| ASSIGNMENT |
Your answer must be exactly the lines from the one containing "دهمین شماره نشریه" through the end of the material, both ends included, without pictures.

| GIVEN INFORMATION |

·····

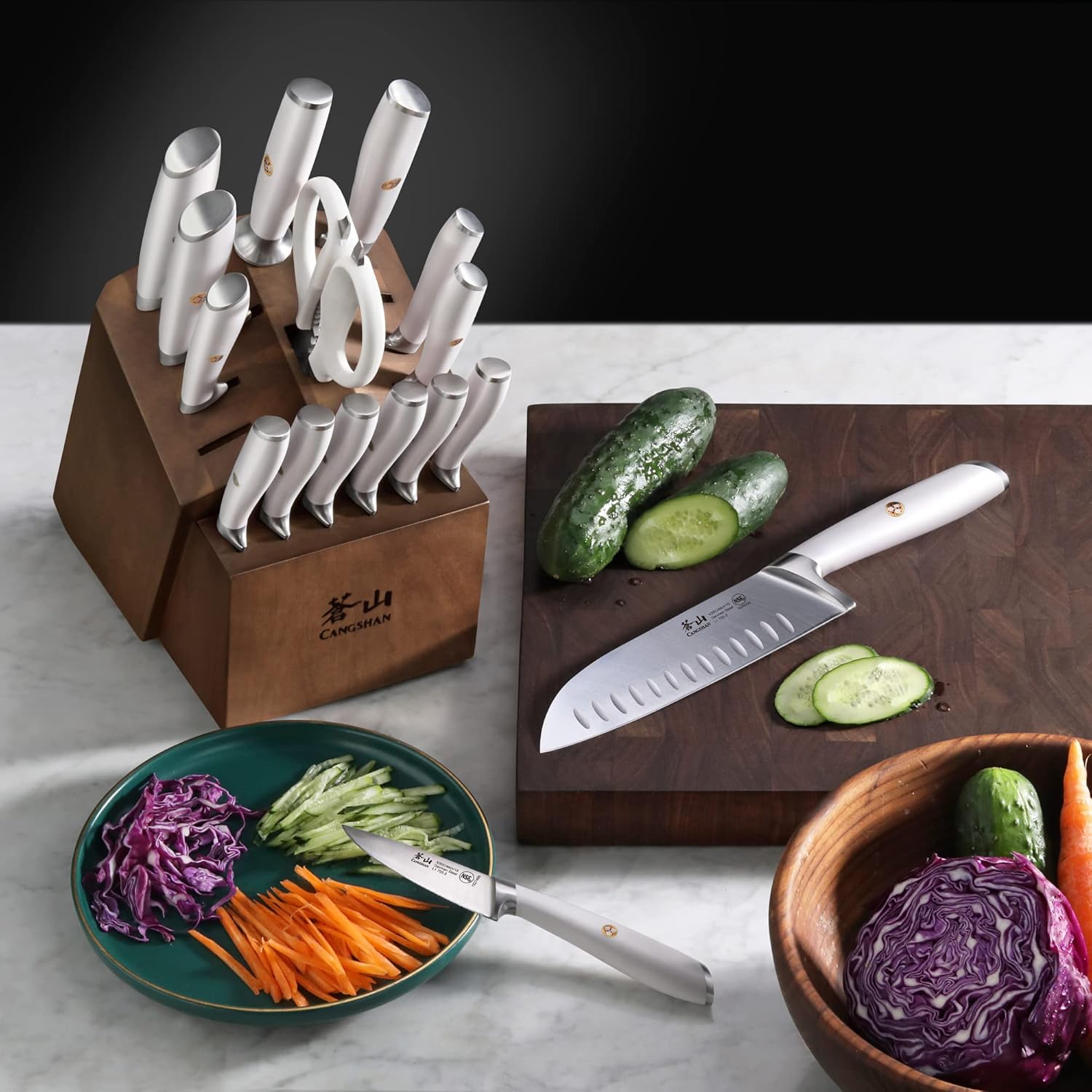 The L & L1 Series speak to the purity of minimalism, focusing on the elemental beauty of forward-thinking aesthetics and practical functionality. A sleek and modern knife whose exceptional qualities shine out, complimenting and elevating the skills of the chef. Beautifully robust yet slim, the handcrafted Cangshan Eco-friendly bamboo block stands proudly displaying its curiously balanced asymmetrical shape. Rich, unique bamboo grain texture compliments and enhances the distinct design of the securely housed knife set.
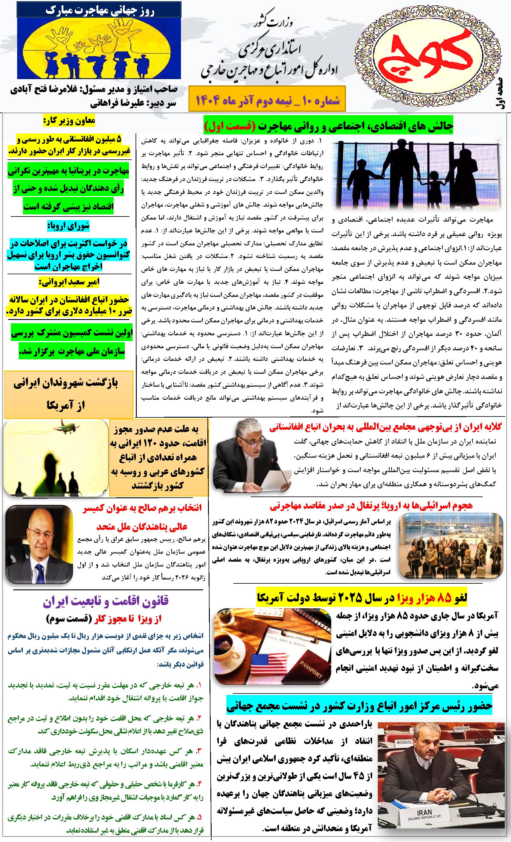 دهمین شماره نشریه کوچ ۰۳ دی ۱۴۰۴ | ۰۹:۲۱ کد : ۵۷۵۲۰ اطلاعیه ارسال به دیگران نام شما ایمیل شما ایمیل دریافتکننده ارسال انصراف تعداد بازدید:۴۷ دهممین شماره نشریه کوچ، توسط دفتر امور اتباع و مهاجرین خارجی استان مرکزی منتشر گردید.
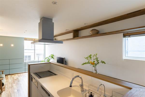 トシアキさん: 浦安のマンションではキッチンが北側にあって、彼女がいつもポツンと一人で家事をしているのが淋しかったらしいんですね。僕も知らなかったそんなことを斎藤先生がヒアリングしてくれて。キッチンを真ん中にすれば、家族が食卓にいても、リビングにいても、距離が近いでしょう。リビングも普通は南にするじゃないですか。でも、この土地だったら北側の方が眺めがすごく良いからと。

·····

| SOLVED EXERCISE |
 دهمین شماره نشریه کوچ ۰۳ دی ۱۴۰۴ | ۰۹:۲۱ کد : ۵۷۵۲۰ اطلاعیه ارسال به دیگران نام شما ایمیل شما ایمیل دریافتکننده ارسال انصراف تعداد بازدید:۴۷ دهممین شماره نشریه کوچ، توسط دفتر امور اتباع و مهاجرین خارجی استان مرکزی منتشر گردید.
 トシアキさん: 浦安のマンションではキッチンが北側にあって、彼女がいつもポツンと一人で家事をしているのが淋しかったらしいんですね。僕も知らなかったそんなことを斎藤先生がヒアリングしてくれて。キッチンを真ん中にすれば、家族が食卓にいても、リビングにいても、距離が近いでしょう。リビングも普通は南にするじゃないですか。でも、この土地だったら北側の方が眺めがすごく良いからと。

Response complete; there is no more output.